L’État organise sa propre spoliation
Derrière les sociétés d’autoroutes, on trouve en effet de gros acteurs du BTP vivant de la commande publique – un secteur dont l’implication dans les campagnes électorales fut notoire par le passé. Les autoroutes croisent souvent le politique, ainsi le conseiller officieux de plusieurs présidents, Alain Minc, fut nommé en 2011 à la tête de la Sanef. En investissant dans l’autoroute, les entreprises du BTP se créaient en somme un marché captif. Mieux, l’ensemble des niches fiscales dont elles bénéficient équivaut… aux 3 milliards d’euros d’investissement promis. Soit une opération blanche pour lesdites sociétés. Dit autrement, ce régime fiscal fait qu’il est plus intéressant de distribuer des dividendes et de financer les investissements par l’emprunt. Ainsi, en 2015, les Autoroutes Paris-Rhin-Rhône (APRR) déclaraient un chiffre d’affaires de 1,6 milliard d’euros, pour une dette de plus de 8 milliards. Mauvaise gestion ? Au contraire, en créant de la dette, les sociétés concessionnaires font coup double : rémunérer l’actionnaire tout de suite, la dette accumulée étant dissuasive pour que la puissance publique la rachète en cas de nationalisation. L’État doit un an de préavis, s’il souhaite reprendre la main.
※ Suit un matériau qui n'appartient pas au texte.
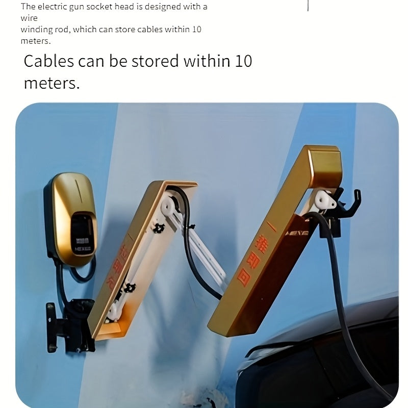 Electric Car Charging Cable Arm Bracket Adjustable Push-Pull Design White Gold Storage Slots
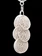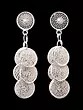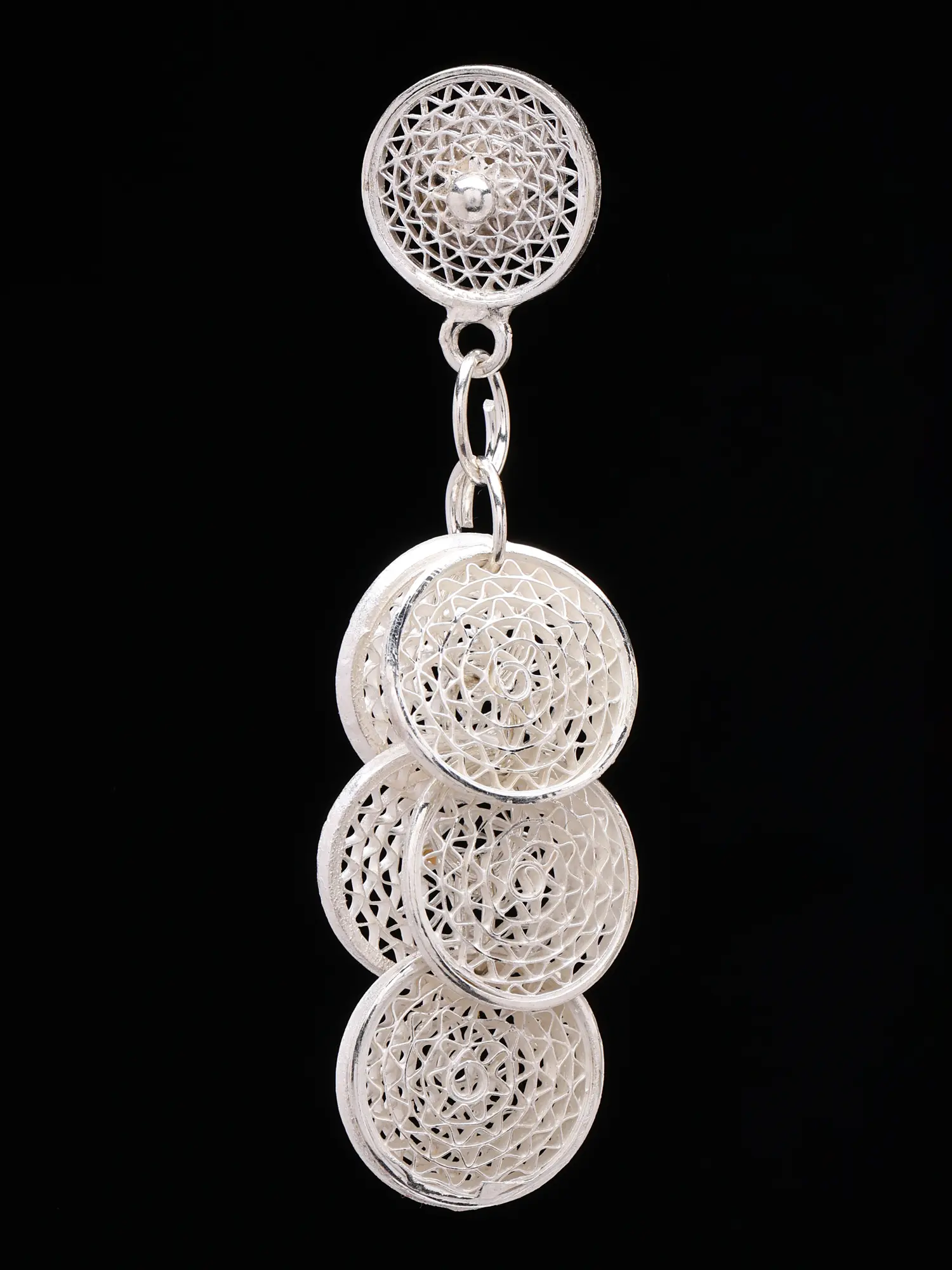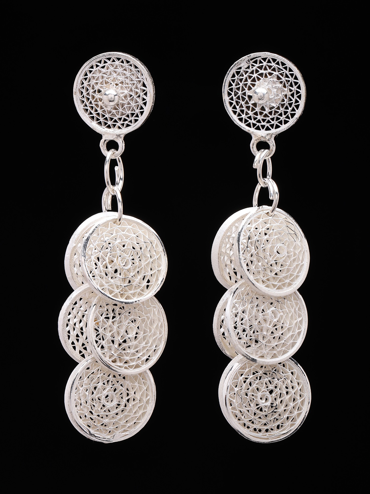 Observe the intricate circular motifs, reminiscent of celestial maps or miniature mandalas, that form the heart of their design. These openwork elements, measuring a mere 0.2 inches in width, allow light to pass through, creating a captivating play of transparency. Suspended beneath a delicate filigree stud, a cascade of three shimmering discs, each echoing the fine latticework above, adds graceful movement. With an overall height of 2.15 inches, they achieve a perfect balance, making a statement without overwhelming.

Les 3,2 milliards d’euros d’investissement auxquels se sont engagées les sociétés en échange d’une prolongation des concessions accordées, et dont la fin théorique s’étale, pour le viaduc de Millau par exemple, de 2027 à… 2079, se transformeront, à la toute fin des contrats en cours, en 14,7 milliards de recettes nettes. Pour 100 euros de péages payés par les utilisateurs, entre 20 et 24 euros sont du bénéfice net pour les concessionnaires, rappelait la sérieuse Autorité de la concurrence en 2013. Et après ? Rien, il ne s’est rien passé en dépit de ces alertes officielles. L’État continue d’organiser sa propre spoliation. Car la privatisation des autoroutes, tout comme celles de la Française des jeux et d’Aéroports de Paris, en cours, ne répond en réalité pas à une nécessité économique. L’État pourrait tout aussi bien emprunter l’argent de la renationalisation. Les ressorts seraient plutôt idéologiques : en 2014, le ministre de l’Économie qui a validé le plan de prolongation des concessions s’appelait Emmanuel Macron.